What the task asks. All of the data is to be written out again exactly, without the pictures.

Raw data.
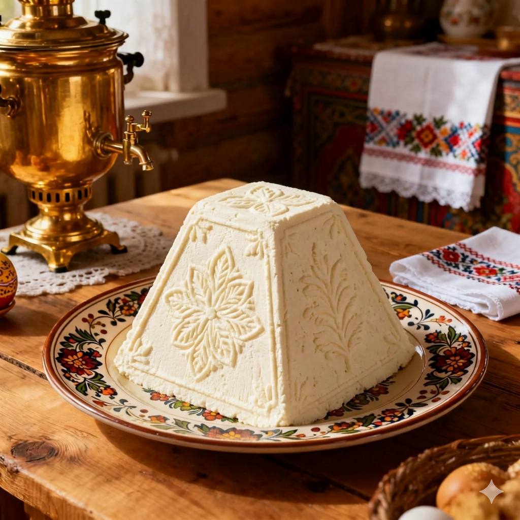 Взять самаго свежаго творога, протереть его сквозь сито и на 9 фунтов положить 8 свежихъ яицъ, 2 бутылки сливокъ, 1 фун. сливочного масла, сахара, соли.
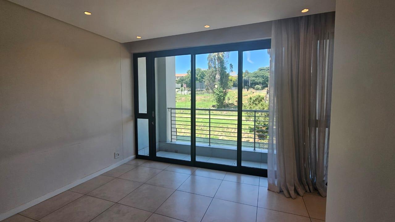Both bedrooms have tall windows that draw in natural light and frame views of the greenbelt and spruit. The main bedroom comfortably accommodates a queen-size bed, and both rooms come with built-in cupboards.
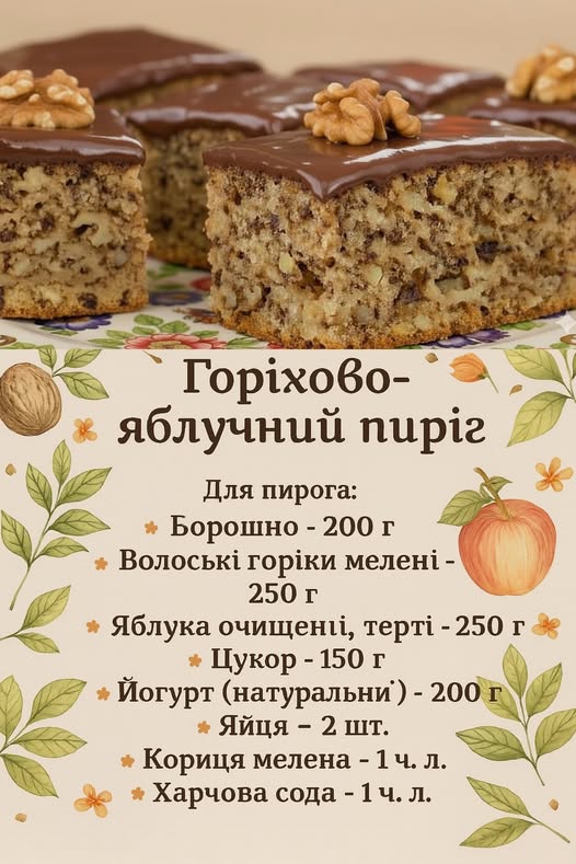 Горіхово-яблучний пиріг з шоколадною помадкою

Expected answer.
 Взять самаго свежаго творога, протереть его сквозь сито и на 9 фунтов положить 8 свежихъ яицъ, 2 бутылки сливокъ, 1 фун. сливочного масла, сахара, соли.
Both bedrooms have tall windows that draw in natural light and frame views of the greenbelt and spruit. The main bedroom comfortably accommodates a queen-size bed, and both rooms come with built-in cupboards.
 Горіхово-яблучний пиріг з шоколадною помадкою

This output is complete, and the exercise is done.